Data to process:
<<<<

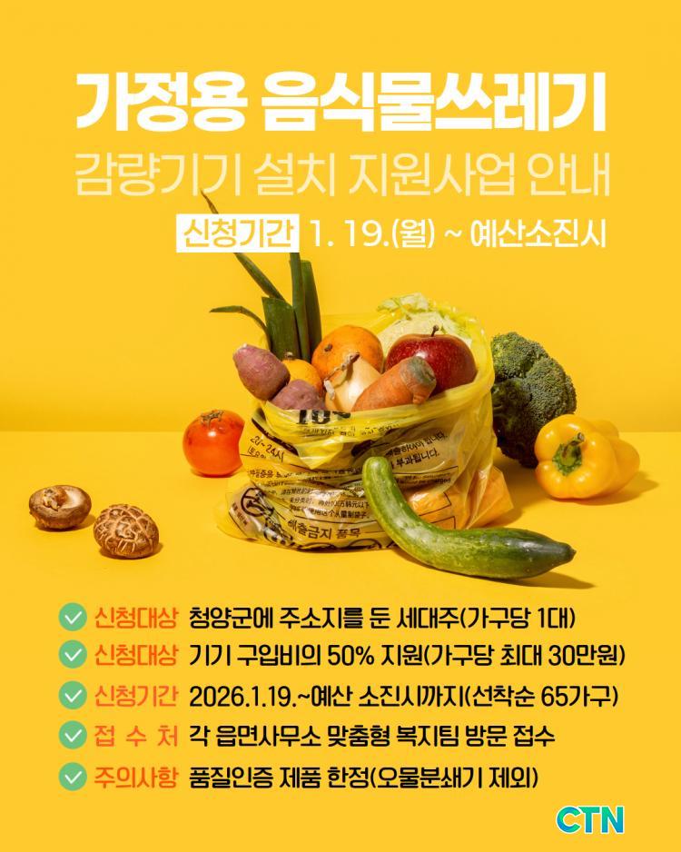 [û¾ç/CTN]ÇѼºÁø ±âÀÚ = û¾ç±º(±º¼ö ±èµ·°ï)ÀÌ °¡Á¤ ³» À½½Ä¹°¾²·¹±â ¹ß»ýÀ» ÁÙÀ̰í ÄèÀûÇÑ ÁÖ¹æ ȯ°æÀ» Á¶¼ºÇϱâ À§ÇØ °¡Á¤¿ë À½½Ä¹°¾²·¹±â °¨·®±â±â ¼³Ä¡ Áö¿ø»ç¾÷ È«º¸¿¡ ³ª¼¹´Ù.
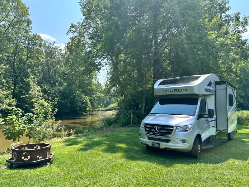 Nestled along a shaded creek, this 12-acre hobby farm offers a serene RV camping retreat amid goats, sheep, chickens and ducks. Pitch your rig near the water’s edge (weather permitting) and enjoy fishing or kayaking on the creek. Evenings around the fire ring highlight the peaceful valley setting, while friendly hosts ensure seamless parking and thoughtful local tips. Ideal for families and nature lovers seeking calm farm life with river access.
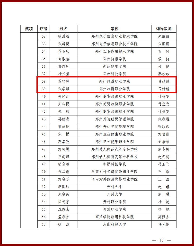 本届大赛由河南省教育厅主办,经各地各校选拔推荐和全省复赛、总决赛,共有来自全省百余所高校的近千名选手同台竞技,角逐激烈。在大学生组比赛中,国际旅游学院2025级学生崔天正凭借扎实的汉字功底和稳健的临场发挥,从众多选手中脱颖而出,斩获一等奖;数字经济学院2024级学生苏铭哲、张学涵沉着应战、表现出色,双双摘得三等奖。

>>>>
<<<<

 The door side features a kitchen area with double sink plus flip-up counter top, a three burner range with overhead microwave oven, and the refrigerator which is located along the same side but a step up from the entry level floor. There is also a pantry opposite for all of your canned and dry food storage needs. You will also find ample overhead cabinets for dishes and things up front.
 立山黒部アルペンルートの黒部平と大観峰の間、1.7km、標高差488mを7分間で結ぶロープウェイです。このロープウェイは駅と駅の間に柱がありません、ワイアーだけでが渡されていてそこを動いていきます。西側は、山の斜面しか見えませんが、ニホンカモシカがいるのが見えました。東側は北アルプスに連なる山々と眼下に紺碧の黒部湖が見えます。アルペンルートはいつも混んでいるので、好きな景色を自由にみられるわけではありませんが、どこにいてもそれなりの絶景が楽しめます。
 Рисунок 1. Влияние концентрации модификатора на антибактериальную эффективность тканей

>>>>

Retype word for word everything in the listing above from the line that holds "The door side" down to the line that holds "立山黒部アルペンルートの黒部". Keep both end lines and leave out the rest.

Output below:
 The door side features a kitchen area with double sink plus flip-up counter top, a three burner range with overhead microwave oven, and the refrigerator which is located along the same side but a step up from the entry level floor. There is also a pantry opposite for all of your canned and dry food storage needs. You will also find ample overhead cabinets for dishes and things up front.
 立山黒部アルペンルートの黒部平と大観峰の間、1.7km、標高差488mを7分間で結ぶロープウェイです。このロープウェイは駅と駅の間に柱がありません、ワイアーだけでが渡されていてそこを動いていきます。西側は、山の斜面しか見えませんが、ニホンカモシカがいるのが見えました。東側は北アルプスに連なる山々と眼下に紺碧の黒部湖が見えます。アルペンルートはいつも混んでいるので、好きな景色を自由にみられるわけではありませんが、どこにいてもそれなりの絶景が楽しめます。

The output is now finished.